Exclusive-U.S., Cuba to hold high-level migration talks in Washington

The meeting comes at a time when Biden’s administration is grappling with rising numbers of migrants attempting to cross the U.S. border from Mexico, with Cubans making up a growing portion of them.

Tensions between Washington and Havana over the Cuban government’s crackdown on protests, continuing American sanctions on the Communist-ruled island and other issues have made it difficult for the countries to cooperate on challenges such as irregular migration.

Leading the Cuban delegation will be Deputy Foreign Minister Carlos Fernandez de Cossio, two sources said, speaking on condition of anonymity. The delegation is expected to meet with senior officials of the U.S. State Department and other agencies.

The United States wants Cuba to take back more deportees from among the record numbers of Cubans arriving at the U.S.-Mexican border, according to a U.S. official and another source, speaking on condition of anonymity.

Cuba has said it supports legal, orderly and safe migration. It blames the United States for the uptick in irregular migration, saying Cold War-era sanctions and a decision to close the American consular section in Havana encourage Cubans to seek riskier routes off the island.

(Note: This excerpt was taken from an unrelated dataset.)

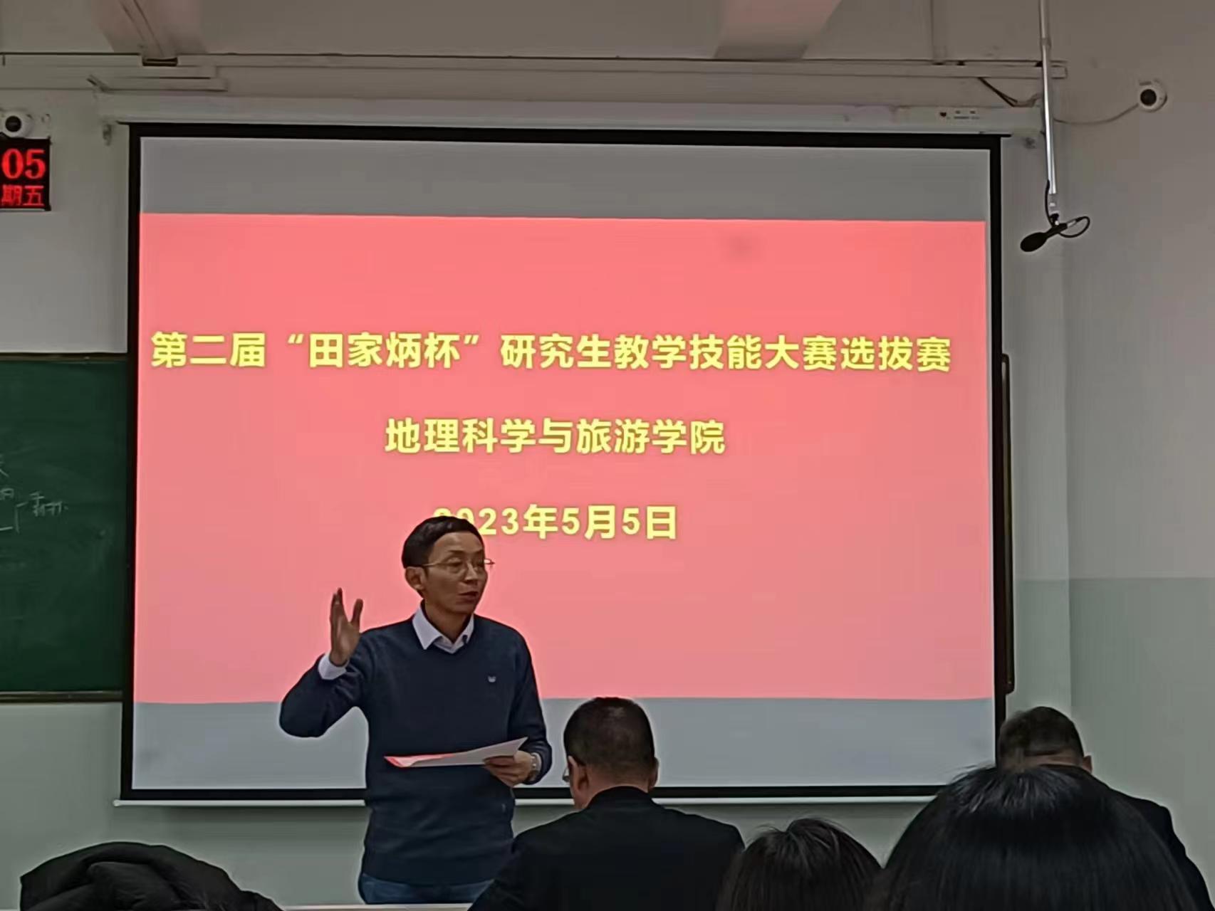 为进一步加强地理教育硕士专业学位研究生教育教学实践能力的培养、促进地理教育硕士的核心素养提升,第二届“田家炳杯”教育硕士研究生教学技能大赛选拔赛于2023年5月5日在我院成功举行。大赛选拔赛环节包括教学设计、课堂教学、现场答辩三个部分。本次大赛特邀必赢76net线路官网附属中学蓝毅高级教师担任评委主席,学院李艳红、刘云同、黄佛君、李勇老师组成评委专家组。
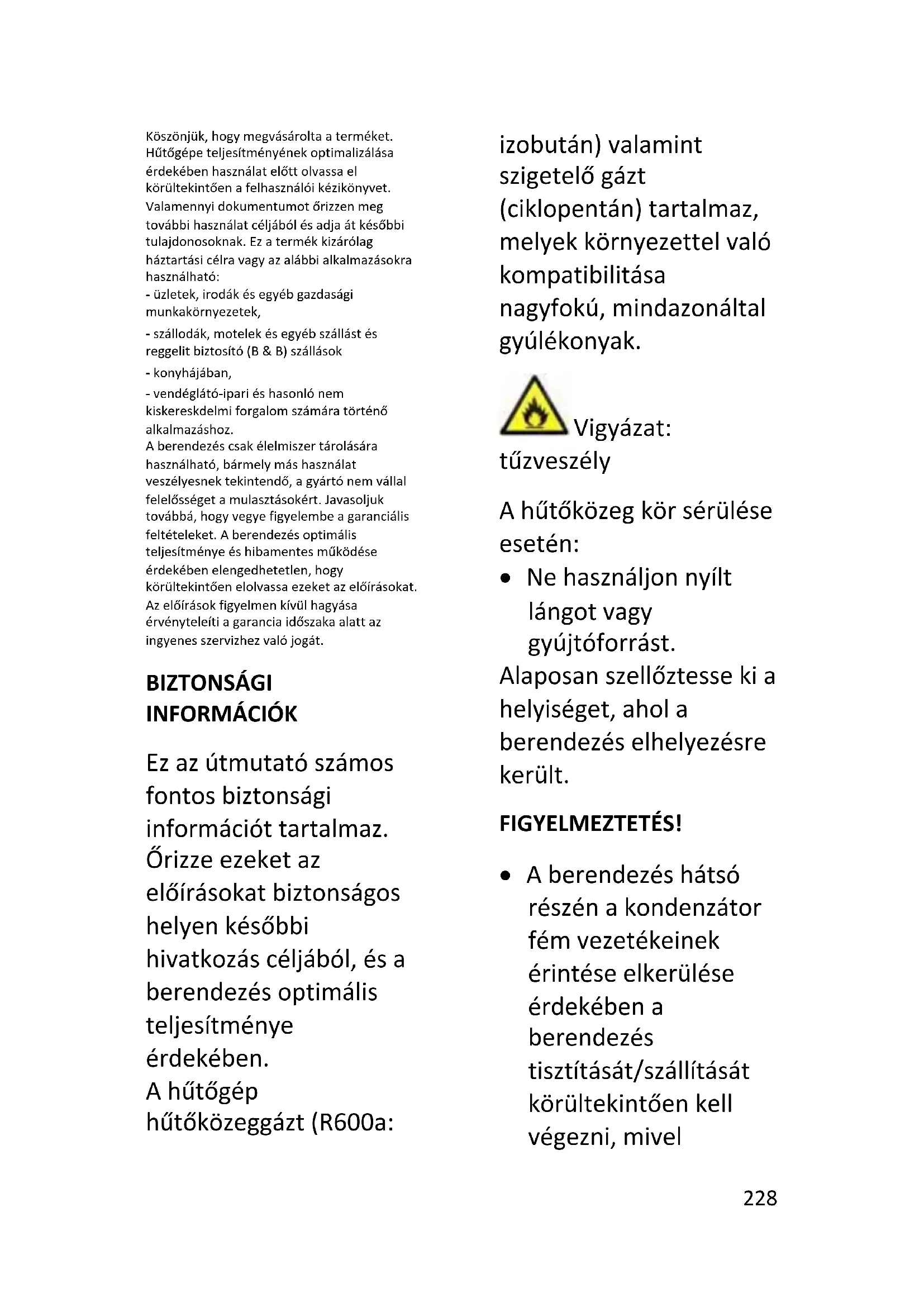 Ez az útmutató számos fontos biztonsági információt tartalmaz. Őrizze ezeket az előírásokat biztonságos helyen későbbi hivatkozás céljából, és a berendezés optimális teljesítménye érdekében. A hűtőgép hűtőközeggázt (R600a: izobután) valamint szigetelő gázt (ciklopentán) tartalmaz, melyek környezettel való kompatibilitása nagyfokú, mindazonáltal gyúlékonyak. Vigyázat: tűzveszély A hűtőközeg kör sérülése esetén:

The State Department last month said it would again begin processing some visas for Cubans in Havana to start reducing the backlog after a four-year hiatus, but progress has been slow.


“We have seen a significant increase in irregular Cuban migrants to the United States, both via land and maritime routes,” a State Department spokesperson said. “Cubans currently rank the second-largest group arriving to the United States’ southwest border.”

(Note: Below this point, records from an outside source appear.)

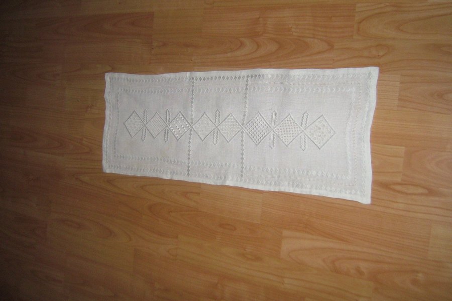 En handbroderad vit duk med detaljerade mönster. Duken har ett rektangulärt format och är prydd med intrikata broderier i form av romber och geometriska figurer längs mitten. Broderad i pärlgarn
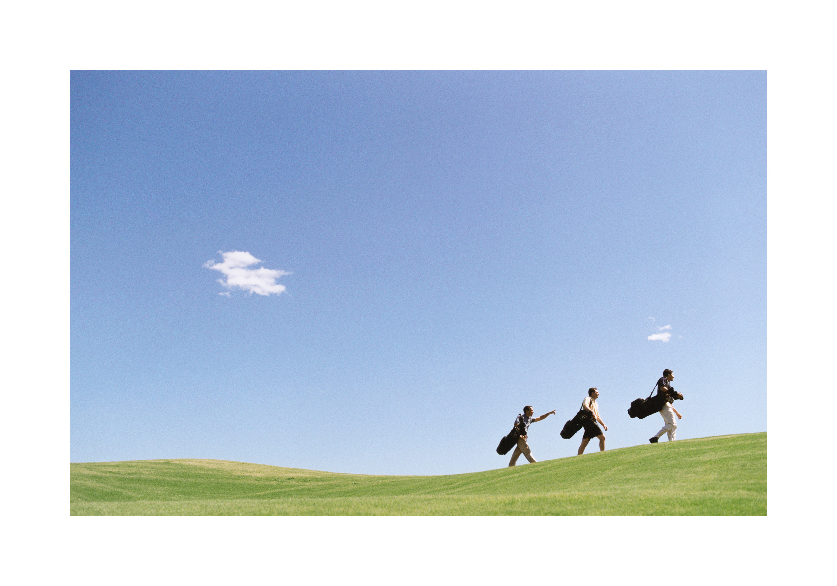 A print of three people walking on a grassy hill with golf bags against a clear blue sky. Perfect wall art for golf lovers.
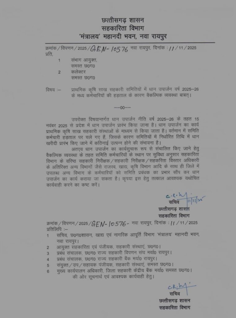 पत्र में कहा गया है कि प्रदेश में धान खरीदी का कार्य प्राथमिक कृषि साख सहकारी समितियों के माध्यम से किया जाता है, लेकिन वर्तमान में समिति कर्मचारी हड़ताल पर हैं, जिसके कारण समितियों में धान उपार्जन कार्य प्रभावित हो सकता है। इस स्थिति में शासन ने स्पष्ट किया है कि समिति कर्मचारियों के स्थान पर सहकारिता विभाग के वरिष्ठ सहकारी निरीक्षक, सहकारी निरीक्षक, सहकारिता विस्तार अधिकारी सहित अन्य विभागों- जैसे राजस्व, खाद्य एवं कृषि विभाग के कर्मचारियों को समिति प्रबंधक का प्रभार देकर धान खरीदी का कार्य कराया जा सकता है।

The spokesperson, who asked not to be named, declined to confirm the planned meeting but said “we regularly engage with Cuban officials on issues of importance to the U.S. government, such as human rights and migration.”

Thursday’s planned talks appear to be at a higher level than known formal contacts since Biden took office in January 2021.

The Cuban government did not immediately respond to questions seeking comment.

The talks are scheduled to be held just a day after U.S. Secretary of State Antony Blinken and regional counterparts are due to wrap up a conference on migration in Panama. Cuba is not due to attend that conference.

A record number of migrants attempted to cross the U.S.-Mexican border during Biden’s first year in office. American officials are preparing for even higher numbers this year.

Amid Cuba’s faltering economy, after Nicaragua lifted visa requirements for Cubans in November, many dropped everything, sold their homes and took a flight for Managua, with hopes of joining the mainland “migrant highway” north through Central America to the United States.

Nicaragua, a close regional ally of Cuba, said the move was intended to promote commercial exchange, tourism and humanitarian family relations.

Initial fervor has been followed by frustration as the United States has undertaken a regional effort to curb border crossings.

The number of Cubans apprehended at the U.S.-Mexican border reached 16,531 in February, the highest single-month total on record, according to U.S. Customs and Border Protection data. The seven-day average of Cubans encountered at the border rose from about 600 on Feb. 26 to 1,300 on April 16, internal U.S. statistics showed.

Even as the United States and Cuba prepare to re-engage on migration, Biden administration officials are mindful that any easing of restrictions on Cuba could lead to political fallout from conservative Cuban Americans, a key voting bloc in south Florida.

Former President Donald Trump rolled back a historic rapprochement that his predecessor Barack Obama oversaw between the United States and its old Cold War foe.

Biden, who served as Obama’s vice president, promised during the 2020 U.S. election campaign against Trump to re-engage with Cuba, and many in both countries expected he would reverse some Trump-era restrictions. Biden instead imposed fresh sanctions on Cuban officials in response to Havana’s crackdown on protesters following widespread marches on the island last July.

Thousands of people took to the streets of Cuban cities, voicing anger over shortages of basic goods, curbs on civil liberties and the handling of the COVID-19 pandemic by authorities. Some called for political change.